Figure 1. Bar plots of embryonic lethality and larval viability relative to the initial number of embryos considered for the CG18135-P{lacW}/GFP line. The observed total lethality of embryos (87 embryos) is compared to the expected 29.5% lethality (70 embryos). Likewise, the observed larval viability (111) is opposed to the expected viability (158). Both chi-square and Fisher’s exact tests failed to find statistical significance (ns, because calculated p-values are >0.05) for embryonic lethality, but they identified statistically significant differences for larval viability (* for 0.01 < p < 0.05).

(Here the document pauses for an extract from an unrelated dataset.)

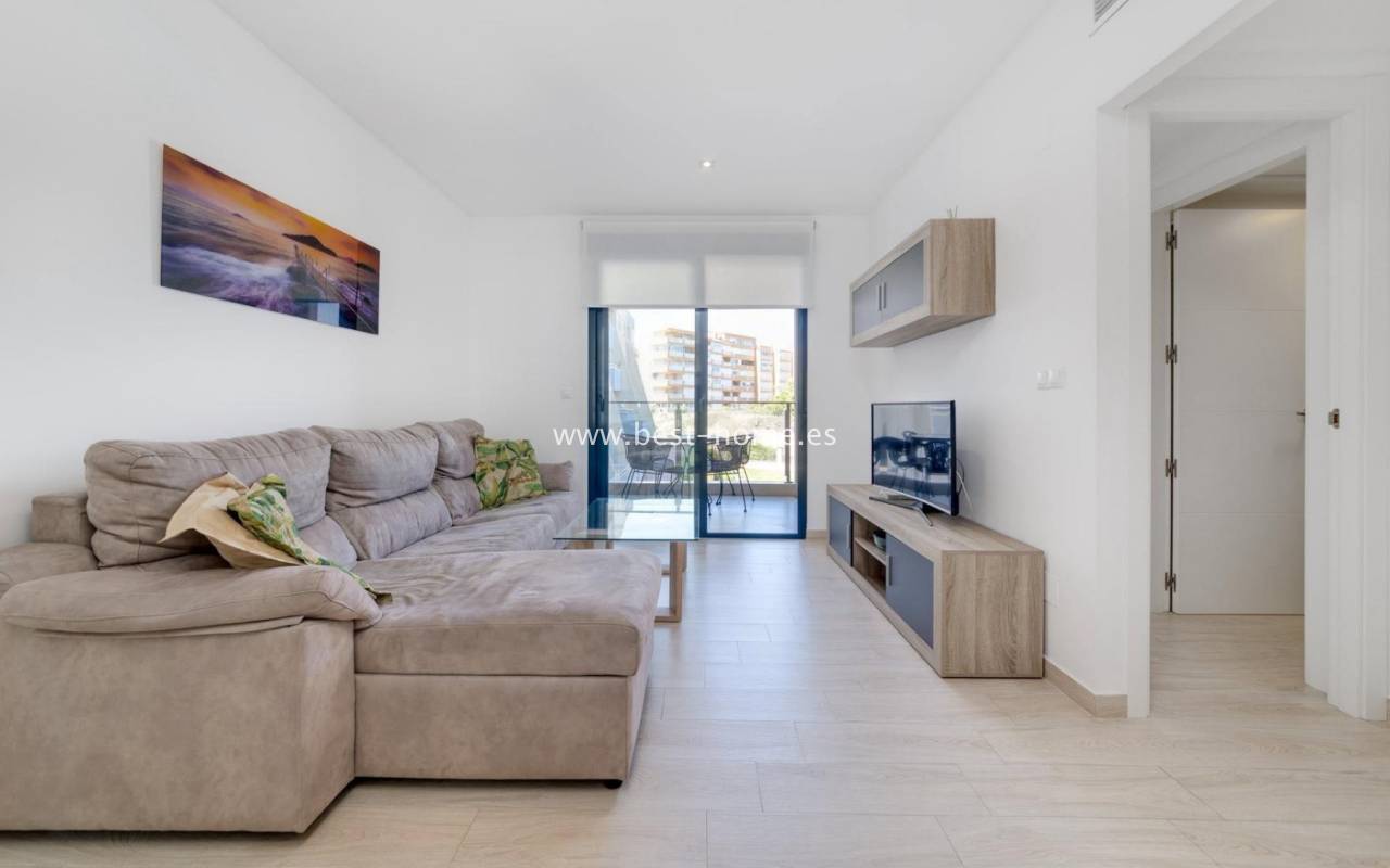A fantastic sea-view apartment in a modern, first-line development with a community pool in La Mata. It features a living room with access to a large terrace overlooking the Mediterranean Sea, dunes, and pine forest. The apartment also features a large kitchen equipped with high-quality appliances, two double bedrooms with built-in wardrobes, the master bedroom with a sea view, and two bathrooms. The complex boasts a beautiful swimming pool for residents. A picturesque sandy beach with a promenade is 100 meters away. The excellent location makes this property ideal for both permanent residence and rental investment.

Regarding the observed embryonic lethality evaluated for the CG18135-P{lacW}/TM6B line, we also did not find statistical significance (χ2 = 1.780, df = 1 and p = 0.1822 for the chi-squared test and p = 0.2059 for the Fisher’s exact test).

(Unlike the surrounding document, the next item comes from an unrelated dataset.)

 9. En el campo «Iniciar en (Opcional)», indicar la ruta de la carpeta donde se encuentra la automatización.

In addition to the evaluation of embryonic lethality, we assumed that all the viable (remaining) embryos continued their development throughout the larval stages. Relative to the initial number of embryos, we found second and third instar larval viability of ≈41% (72 larvae), 47% (111 larvae), and 90.6% (106 larvae) for CG18135-P{lacW}/TM6B, CG18135-P{lacW}/GFP, and CantonS, respectively. These percentages were mirrored by larval lethality data of ≈20% (35 larvae), 16% (38 larvae), and 3.4% (4 larvae) collected for the same aforementioned lines. Similar to embryonic evaluation, if we take into account the CantonS larval lethality and accept that the CG18135P{lacW}CG18135 allele has no negative impact on larval development and survival, then the expected larval viability for both mutant lines is approximately 70.5% (which is also the percent of expected viable embryos), from which we have to subtract 3.4% (observed larval lethality in the control line), thus obtaining a value of 67.1%. In this context, there are statistically significant differences between expected and observed larval viability for both CG18135-P{lacW}/GFP (χ2 = 5.252, df = 1 and p = 0.0219 for the chi-squared test and p = 0.0263 for the Fisher’s exact test; Figure 1) and CG18135-P{lacW}/TM6B (χ2 = 7.285, df = 1 and p = 0.007 for the chi-squared test and p = 0.0087 for the Fisher’s exact test) mutant lines. The lowered viability for CG18135-P{lacW}/GFP is not significantly different from that of CG18135-P{lacW}/TM6B (χ2 = 0.5272, df = 1 and p = 0.4678 for the chi-squared test and p = 0.4988 for the Fisher’s exact test). Moreover, the majority of GFP larvae, having the CG18135P{lacW}CG18135/GFP genotype, completed their larval and pupal development and reached adult stages, similar to CantonS offspring.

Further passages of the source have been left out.